Dataset entries section start

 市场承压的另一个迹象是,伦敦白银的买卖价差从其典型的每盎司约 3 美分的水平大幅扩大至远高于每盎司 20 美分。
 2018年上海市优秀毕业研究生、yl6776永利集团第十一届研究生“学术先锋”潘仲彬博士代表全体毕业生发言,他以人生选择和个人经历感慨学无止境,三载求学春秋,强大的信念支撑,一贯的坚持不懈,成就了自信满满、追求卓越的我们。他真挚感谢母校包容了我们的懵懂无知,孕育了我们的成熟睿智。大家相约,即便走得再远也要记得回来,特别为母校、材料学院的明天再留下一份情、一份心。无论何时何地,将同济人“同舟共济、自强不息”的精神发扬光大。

Dataset entries section end
Dataset entries section start

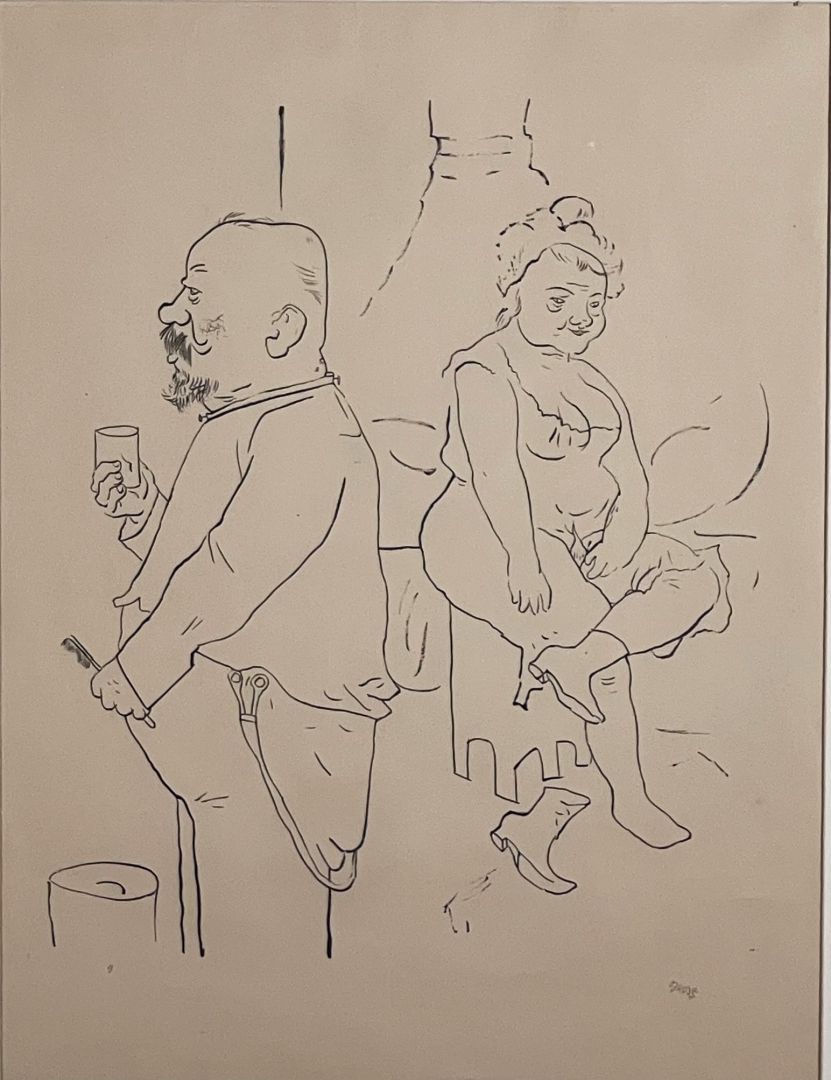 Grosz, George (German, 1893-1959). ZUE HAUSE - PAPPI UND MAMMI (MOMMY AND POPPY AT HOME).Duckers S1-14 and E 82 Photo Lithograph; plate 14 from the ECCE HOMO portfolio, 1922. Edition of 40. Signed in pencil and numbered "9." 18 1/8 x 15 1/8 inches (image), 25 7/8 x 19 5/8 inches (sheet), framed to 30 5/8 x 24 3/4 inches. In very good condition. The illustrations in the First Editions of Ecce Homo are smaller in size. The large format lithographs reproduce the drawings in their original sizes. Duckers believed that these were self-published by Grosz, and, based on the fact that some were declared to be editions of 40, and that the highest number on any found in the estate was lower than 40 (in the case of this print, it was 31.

Dataset entries section end

What you should do: From the entries above, give again exactly the lines running from the line with "市场承压的另一个迹象是,伦敦白银的买卖价差从其典型的每盎司约 3 美分的水平大幅扩大至远高于每盎司" to the line with "2018年上海市优秀毕业研究"; include both of those lines.

Your response:
 市场承压的另一个迹象是,伦敦白银的买卖价差从其典型的每盎司约 3 美分的水平大幅扩大至远高于每盎司 20 美分。
 2018年上海市优秀毕业研究生、yl6776永利集团第十一届研究生“学术先锋”潘仲彬博士代表全体毕业生发言,他以人生选择和个人经历感慨学无止境,三载求学春秋,强大的信念支撑,一贯的坚持不懈,成就了自信满满、追求卓越的我们。他真挚感谢母校包容了我们的懵懂无知,孕育了我们的成熟睿智。大家相约,即便走得再远也要记得回来,特别为母校、材料学院的明天再留下一份情、一份心。无论何时何地,将同济人“同舟共济、自强不息”的精神发扬光大。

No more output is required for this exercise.